Coccon in Current Events

  • Jan. 2, 2024, 9:02 p.m.
  • |
  • Public

One of my responses to stress is to shrink my surroundings. It looks exactly how one would picture it—hiding under a blanket. In my case, I lock myself into mindless routines. I let my conscious mind take the wheel. I let myself think that I am in control. I am not.

I’m not feeling unwell, I just wanted a pause button. I wanted to forget that the world exists. Play pretend that my problems are far away. Maybe I shouldn’t call them problems, they are opportunities.

I am all about this New Year New Me energy. It’s not for everyone, good for them. I woke up immediately motivated. Ambitious. I am just working on the routine. I need one that creates what I want. I didn’t give myself any time to reflect on 2023. I’m just overwhelmed with what is on my plate for 2024.

I was telling my mother that I am hard on myself. I am back in school. For some reason, it’s a big deal that I go to the gym 2-3 times a week. I eat well. I have a great apartment. I have great friends. I don’t know what it is that I am chasing here. I’ve been in survival mode since I lost that restaurant job. Survival mode is en route again for 2024… the horrors persist but so do I.

Speaking of that restaurant job, that company came up at work. One of the locations unionized. The trauma of what went down which led to me and 20 others getting fired bubbled up to the surface. I never thought I would get over it. Women came to me about the Operations Manager grooming them for marital affairs. Child grooming them, I should say. When I brought it to the right people, they relocated him and fired everybody who confirmed the allegations. They retaliated.

I want to get passionate about cooking again. I’ve been having a lot of lazy meals ever since I started class. My roommate as well. She’s very busy herself.

I was telling my mother that I was a bit haunted by what my uncle said to me at Christmas. He mentioned his weight, 138lbs. We are the same frame and height. We are 6‘1”. I used to be 135lbs. That was in my twenties when half of my meals were coffee and a cigarette. I’m just over 170lbs now. It’s all healthy weight, I’m still a pretty thin guy. I do that thing where I look at my body in the mirror and feel like I fall short. Are my workouts even working? Just as I was telling my mother that my clothes are starting to get tight, my jacket ripped while I was trying to put it on.

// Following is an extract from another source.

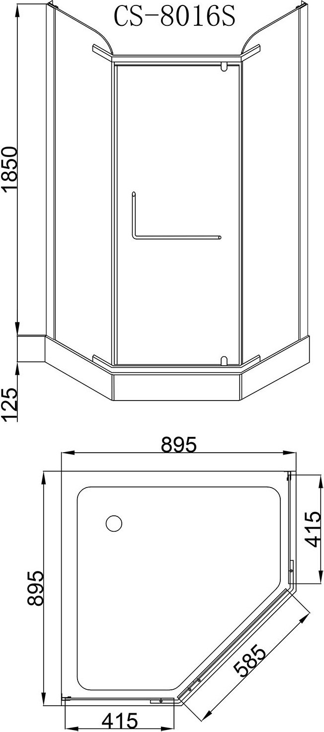 Душевое ограждение Loranto CS-816S B 900х900х2000 мм с низким поддоном 13 см и металлическим сифоном, профиль - сатин, стекло - прозрачное 8 мм.

Denise, a vendor at work, was just minding her own business when I walked up to her and said: You’re a Taurus! You’re good at money. I’m poor! What do I do!? I didn’t say that verbatim but she told me about how she invests and gave me some great ideas with just our company alone. I intended my comment to be satirical. The conversation was very useful.

I am feeling extra sensitive now that I feel like I am coming out of my cocoon. My mental coma. I don’t know what to call it. I suppose I feel slightly vulnerable. I’ll get over it. I had a mini reset so I just need to establish connections all over again.

I’ve restructured my budget, my priorities and goals. A lot is still a work in progress, mind you. I also unsubscribed from everybody that I was following on OnlyFans. I replaced doom scrolling with reading. That’s a lie, I can’t calm my mind enough. I replaced my doom scrolling with audiobooks. I’m finishing Dispelling Weitiko right now. I’ve started it many times and I’m forcing myself to focus. To focus I have to keep my hands busy. Thus, my apartment is immaculate. My gym sessions are longer.

Dispelling Wetiko, the author really did take the words right out of my mouth. Wetiko is a plague of the human psyche. He uses a Native American term, Wendigo is what my people use. It’s basically about the ego. Our individual and collective narcissism. It’s absolutely menacing to try and get people to think independently. They are too demoralized to process actual information. They cannot refute what I am saying but they can refuse it. That’s demonic possession. They are stuck in their two-value thinking. The author goes deep. We are acting out our own traumas. I don’t have the words right now, it’s just nice to hear somebody see and experience the same thing as me. I didn’t have the words yet. He’s talking about how own experiences as well. That is also how I am learning about the psyche of others.


No comments.

You must be logged in to comment. Please sign in or join Prosebox to leave a comment.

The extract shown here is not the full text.